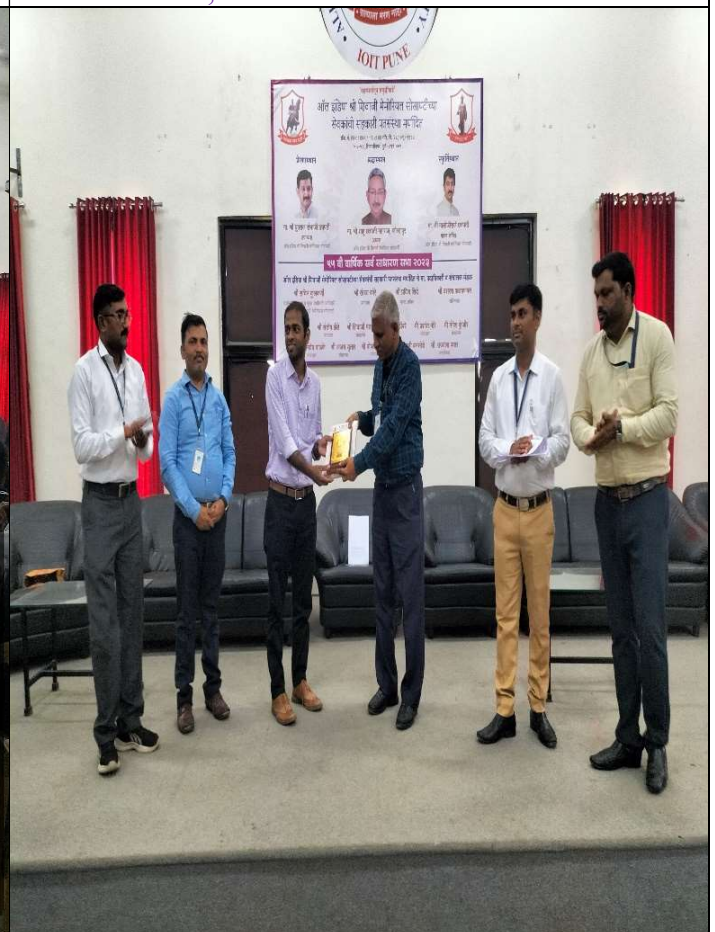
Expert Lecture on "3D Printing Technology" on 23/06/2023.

━━━━━━━━━━━━━━━━━━━━

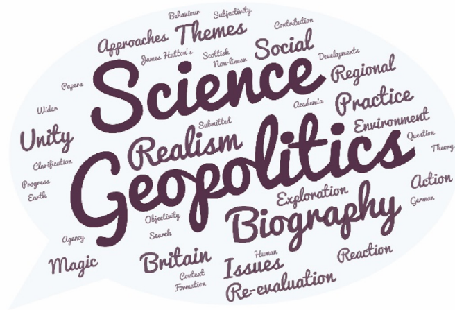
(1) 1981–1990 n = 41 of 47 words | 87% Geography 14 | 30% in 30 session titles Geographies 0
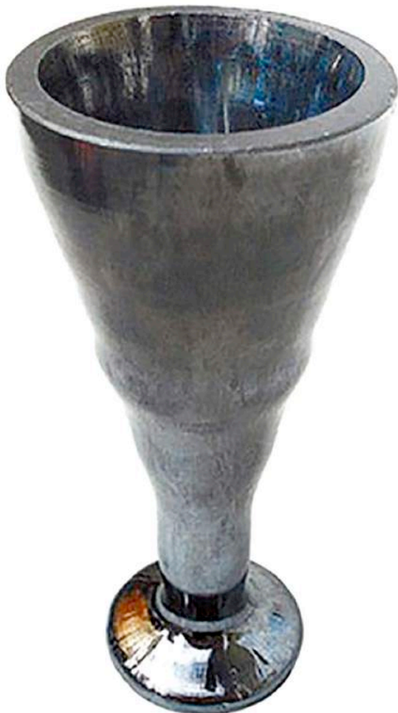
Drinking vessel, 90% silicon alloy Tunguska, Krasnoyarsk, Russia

━━━━━━━━━━━━━━━━━━━━

» Task instructions
Using the data above, retype exactly and only the lines from the one containing "(1) 1981–1990 n" up to and including the one containing "Drinking vessel, 90%", with no pictures carried over.

» Result of this exercise
(1) 1981–1990 n = 41 of 47 words | 87% Geography 14 | 30% in 30 session titles Geographies 0
Drinking vessel, 90% silicon alloy Tunguska, Krasnoyarsk, Russia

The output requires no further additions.